[Opening Recorded data section]

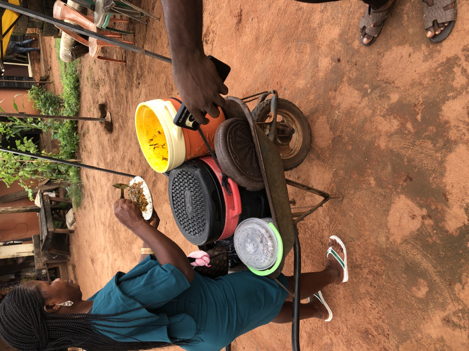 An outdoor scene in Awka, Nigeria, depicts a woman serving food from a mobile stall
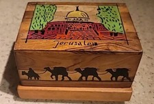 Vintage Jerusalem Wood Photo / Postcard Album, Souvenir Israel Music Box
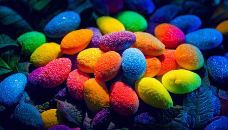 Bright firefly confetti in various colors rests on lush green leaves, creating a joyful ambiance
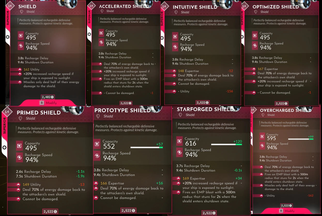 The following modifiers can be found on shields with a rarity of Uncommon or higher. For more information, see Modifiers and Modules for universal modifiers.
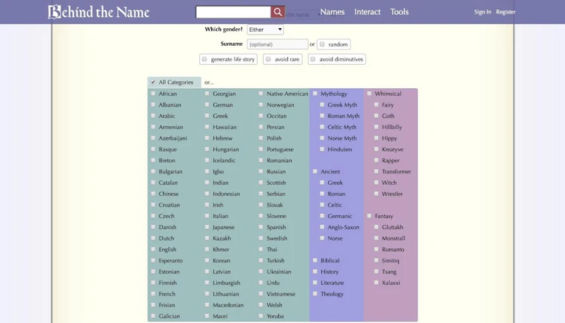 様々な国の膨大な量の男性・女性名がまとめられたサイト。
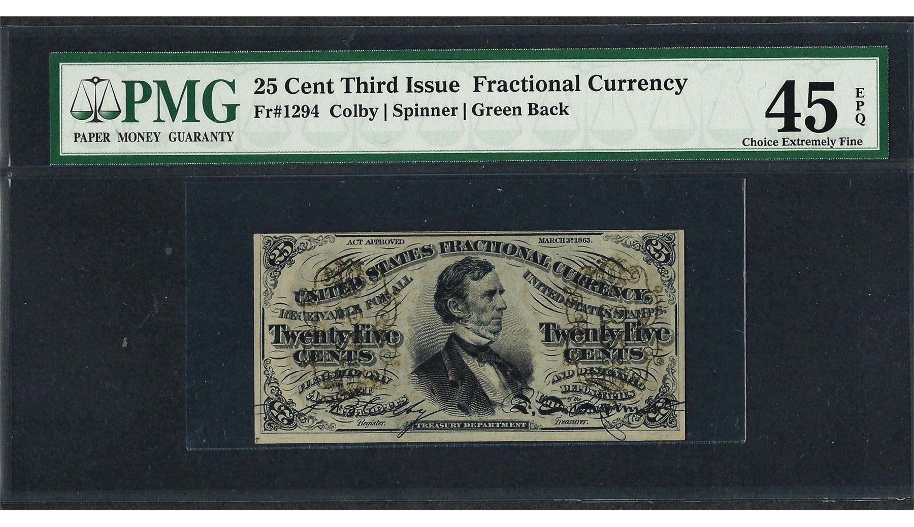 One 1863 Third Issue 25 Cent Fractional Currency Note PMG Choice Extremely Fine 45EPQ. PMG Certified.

[Closing Recorded data section]
[Opening Recorded data section]

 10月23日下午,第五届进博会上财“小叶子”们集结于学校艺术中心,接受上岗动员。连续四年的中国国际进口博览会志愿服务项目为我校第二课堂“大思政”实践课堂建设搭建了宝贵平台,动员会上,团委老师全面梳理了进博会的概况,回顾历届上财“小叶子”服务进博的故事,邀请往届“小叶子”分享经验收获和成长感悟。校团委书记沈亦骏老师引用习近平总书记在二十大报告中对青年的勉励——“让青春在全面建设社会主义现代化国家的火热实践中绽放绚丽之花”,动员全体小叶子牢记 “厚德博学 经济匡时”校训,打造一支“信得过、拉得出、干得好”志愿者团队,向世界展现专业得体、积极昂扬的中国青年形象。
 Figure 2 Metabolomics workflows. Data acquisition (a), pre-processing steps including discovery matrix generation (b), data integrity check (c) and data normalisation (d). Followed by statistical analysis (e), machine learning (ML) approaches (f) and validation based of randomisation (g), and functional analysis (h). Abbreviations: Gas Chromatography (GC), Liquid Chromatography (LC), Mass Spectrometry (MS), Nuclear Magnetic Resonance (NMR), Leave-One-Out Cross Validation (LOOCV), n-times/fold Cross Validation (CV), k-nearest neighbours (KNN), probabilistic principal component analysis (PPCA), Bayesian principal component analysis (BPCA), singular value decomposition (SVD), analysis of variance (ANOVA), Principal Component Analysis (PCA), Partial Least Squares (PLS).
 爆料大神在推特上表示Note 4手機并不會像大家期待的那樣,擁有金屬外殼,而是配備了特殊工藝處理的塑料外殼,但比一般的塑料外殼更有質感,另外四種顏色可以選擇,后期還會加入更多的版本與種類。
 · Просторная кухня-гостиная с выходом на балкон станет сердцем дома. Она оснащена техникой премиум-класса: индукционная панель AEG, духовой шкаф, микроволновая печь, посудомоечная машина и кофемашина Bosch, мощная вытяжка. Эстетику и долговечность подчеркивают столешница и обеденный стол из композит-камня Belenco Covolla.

[Closing Recorded data section]

> Aim of the exercise
Above are the records; from them, give again exactly the lines from the one containing "Figure 2 Metabolomics" to the one containing "композит-камня Belenco Covolla.", both lines included, and nothing more.

> Solution to the problem
 Figure 2 Metabolomics workflows. Data acquisition (a), pre-processing steps including discovery matrix generation (b), data integrity check (c) and data normalisation (d). Followed by statistical analysis (e), machine learning (ML) approaches (f) and validation based of randomisation (g), and functional analysis (h). Abbreviations: Gas Chromatography (GC), Liquid Chromatography (LC), Mass Spectrometry (MS), Nuclear Magnetic Resonance (NMR), Leave-One-Out Cross Validation (LOOCV), n-times/fold Cross Validation (CV), k-nearest neighbours (KNN), probabilistic principal component analysis (PPCA), Bayesian principal component analysis (BPCA), singular value decomposition (SVD), analysis of variance (ANOVA), Principal Component Analysis (PCA), Partial Least Squares (PLS).
 爆料大神在推特上表示Note 4手機并不會像大家期待的那樣,擁有金屬外殼,而是配備了特殊工藝處理的塑料外殼,但比一般的塑料外殼更有質感,另外四種顏色可以選擇,后期還會加入更多的版本與種類。
 · Просторная кухня-гостиная с выходом на балкон станет сердцем дома. Она оснащена техникой премиум-класса: индукционная панель AEG, духовой шкаф, микроволновая печь, посудомоечная машина и кофемашина Bosch, мощная вытяжка. Эстетику и долговечность подчеркивают столешница и обеденный стол из композит-камня Belenco Covolla.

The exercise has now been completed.